PEMILU 2014 JALAN TAMPILNYA RIBUAN JOKOWI

Pemilu 2014 adalah pemilu yang sangat penting bagi bangsa Indonesia. Tampilnya putera-puteri terbaik Ibu pertiwi untuk memberikan sumbangsih terbaiknya bagai bangsa dan negara yang secara teoritik dinyatakan sebagai negara yang bangkrut mutlak diperlukan. Oleh karenanya, pendidikan dan pembelajaran politik untuk menciptakan masyarakat yang Cerdas Politik Untuk Indonesia lebih baik perlu terus digalakkan.

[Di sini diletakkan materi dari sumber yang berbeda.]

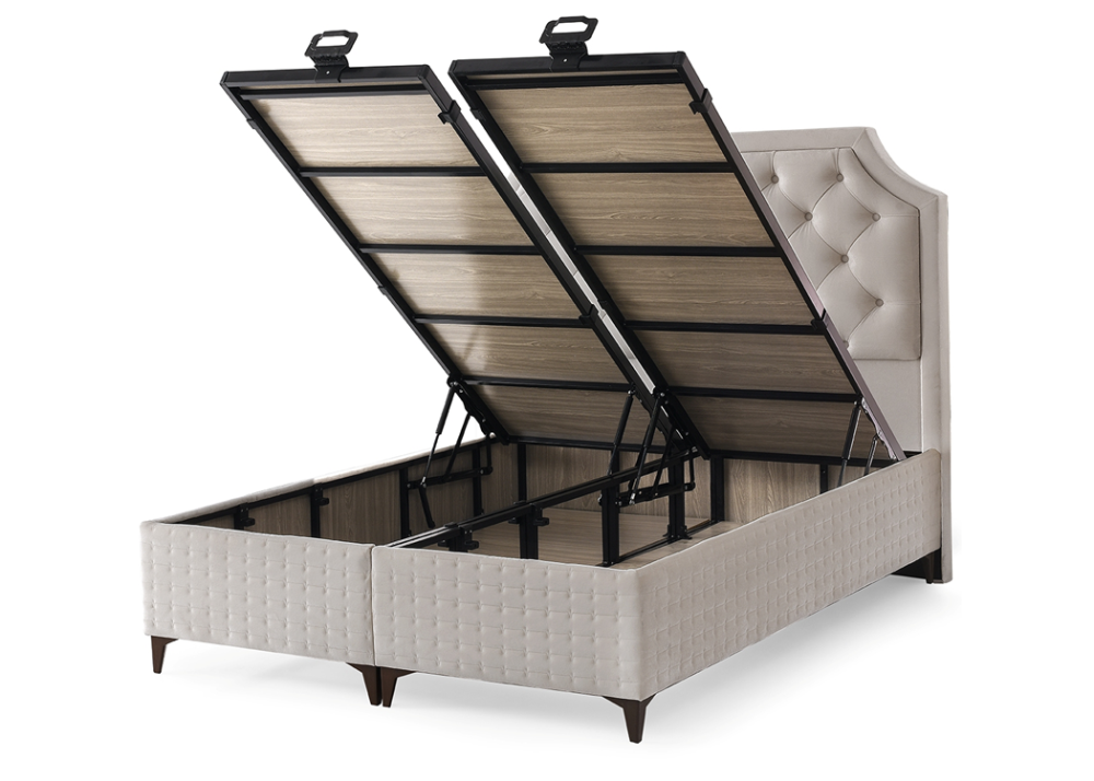 - Базата е снабдена с дъно и нов модел повдигаща система от 1бр (за единичните размери) / 2бр метална подматрачна рамка с цял ламиниран ПДЧ панел. Рамката е оборудвана с 2бр / 4бр газови амортисьори /2х2/ по 750N, може да се повдига всяка основа по отделно или заедно, има спирачка на механизма, която може да се ползва когато механизма е отворен. На дъното и рамката са монтирани вентилационни капачки. Основата предоставя голямо празно подматрачно пространство, подходящо за съхранение на спални завивки и други вещи.

Disisi lain informasi yang tepat dan akurat, yang terbebas dari rekayasa tentang profil dan track record anak-anak bangsa yang memungkinkan memegang amanah penederitaan rakyat perlu diberikan oleh pihak-pihak terkait dan digetoktularkan oleh kita semua sehingga saudara-saudara kita tidak memilih kucing dalam karung. Tidak kalah penting berbagai indikasi keterlibatan wakil-wakil rakyat (DPR) saat ini terkait dengan penyalahgunaan wewenang dan absurditas kinerjanya perlu diinformasikan secara fair karena apapun upaya penutupan masalah itu akan menjadi upaya yang sia-sia belaka.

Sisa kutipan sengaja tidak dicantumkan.